Question: TIFR 2013 problem 19
True/False?
Every differentiable function $f:(0,1) \to [0,1]$ is uniformly continuous.
Hint:
$\sin(1/x)$ is not uniformly continuous. However, range is not $[0,1]$. But its a simple matter of scaling.
Discussion:
Let $f(x)=\sin(\frac{1}{x})$ for all $x\in(0,1)$. For simplicity, we first prove that this $f$ is not uniformly continuous. Then we will scale things down, which won't change the non-uniform continuity of $f$.
Note that $f$ is differentiable. To show that $f$ is not uniformly continuous, we first note that as $x$ approaches $0$, $\frac{1}{x}$ goes through an odd multiple of $\frac{\pi}{2}$ to an even multiple of $\frac{\pi}{2}$ real fast. So in a very small interval close to $0$, I can find two such points which gives value $1$ and $0$.

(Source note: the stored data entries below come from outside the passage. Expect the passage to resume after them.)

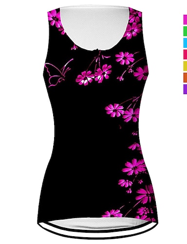 Damen Fahrradweste Radtrikot Grafik Blumenmuster Ärmellos Fahhrad Weste / Gilet Trikot Oberteil mit 3 Gesäßtaschen Mountainbike MTB Straßenradsport Schnelltrocknend Rückentasche
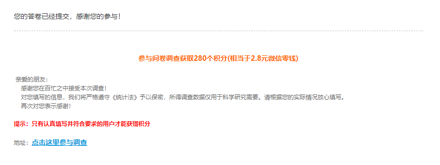 已经填完了!问卷挺不错的!值得参考!
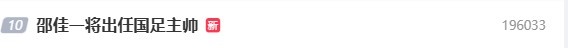 在媒體報(bào)道出邵佳一將出任國(guó)家隊(duì)主教練的消息后,“邵佳一將出任國(guó)足主帥”成了微博熱搜話題,一度排到熱搜第十位。
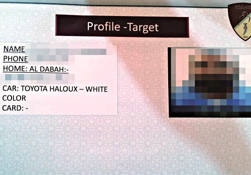 Suikast operasyonlarını yürüten Mızrak’a hedef bilgileri, BAE tarafından oluşturulan ve suç delili sayılabilecek kartlar aracılığı ile veriliyordu. Bu kartlarda suikast yapılacak kişinin adı, telefon numarası, konumu, araba markası vb. bilgiler yer alıyordu. Kartın sağ üst köşesinde ise, Muhammed bin Zayed’e bağlı BAE Ulusal Muhafızlarının logosu bulunuyordu.
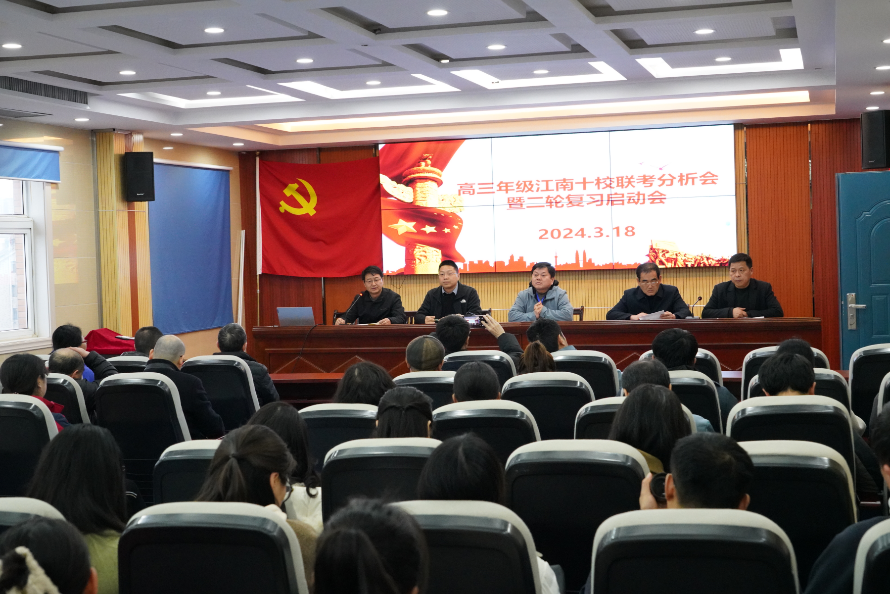 3月18日下午,高三年級部在黨員活動中心舉辦了“江南十校”分析會暨二輪復(fù)習(xí)啟動會。此次會議旨在全面總結(jié)近期聯(lián)考成績,分析存在的問題,并部署下一階段的教學(xué)和管理工作,為即將到來的高考沖刺做好充分準備。校黨委副書記、副校長王合進,校黨委副書記張國榮,級部主任王俊朝,德育部長朱海波,各相關(guān)處室領(lǐng)導(dǎo)及級部工作人員,高三級部全體班主任和備課組長出席了此次會議。會議由教學(xué)部長方進主持。
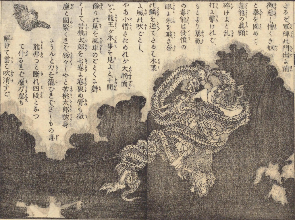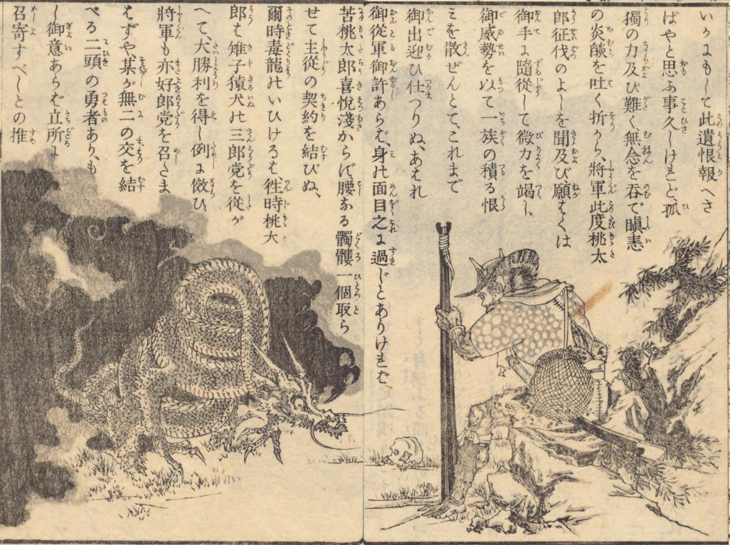 "I am the Dragon King. I've lived for many years in the lake at the summit of Demon King Mountain. Serpents are my vassals in the land of Japan. Although I don't know the number, each year, many of them are eaten by the pheasant vassal of Momotaro. I've brooded a long time over this long-lasting resentment. By myself, I don't have the strength, so I suppressed my resentment and spit out angry flames.

Let $x=\frac{2}{(2n+1)\pi}$ and $y=\frac{2}{2n\pi}$.
Then $|x-y|=\frac{2}{2n(2n+1)\pi}$.
Since the right hand side of above goes to zero as $n$ increases, given any $\delta > 0$ we can find $n$ large enough so that $|x-y|<\delta$. For these $x$ and $y$, $|f(x)-f(y)|=1$.

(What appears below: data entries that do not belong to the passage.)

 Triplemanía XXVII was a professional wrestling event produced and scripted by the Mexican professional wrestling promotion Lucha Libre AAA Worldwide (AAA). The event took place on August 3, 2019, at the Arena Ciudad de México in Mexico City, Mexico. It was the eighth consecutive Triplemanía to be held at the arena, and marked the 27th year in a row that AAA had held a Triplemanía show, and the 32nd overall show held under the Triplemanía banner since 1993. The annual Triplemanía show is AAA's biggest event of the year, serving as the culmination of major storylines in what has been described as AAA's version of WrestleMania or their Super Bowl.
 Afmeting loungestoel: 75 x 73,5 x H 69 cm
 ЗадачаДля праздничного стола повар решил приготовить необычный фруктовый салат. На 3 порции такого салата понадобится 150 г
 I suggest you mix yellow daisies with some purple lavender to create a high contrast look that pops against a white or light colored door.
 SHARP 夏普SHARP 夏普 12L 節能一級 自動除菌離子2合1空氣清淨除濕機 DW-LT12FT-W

Of course, choosing $\epsilon$ as any positive number less than $1$ shows that $f$ is not uniformly continuous.
We have with us a function $f$ which is bounded, differentiable and not uniformly continuous.
To match with the questions requirements, notice $-1\le f(x)\le 1$.
So $0\le 1+f(x) \le 2$ And $0\le \frac{1+f(x)}{2} \le 1$.
Define $g(x)= \frac{1+f(x)}{2}$ for all $x\in(0,1)$.
Since sum of two uniformly continuous functions is uniformly continuous and a scalar multiple of uniformly continuous function is uniformly continuous, if $g(x)$ was uniformly continuous, then $f(x)=2g(x)-1$ would also be uniformly continuous.
This proves that g is in fact not uniformly continuous. It is still differentiable, and range is $[0,1]$, which shows that the given statement is actually false.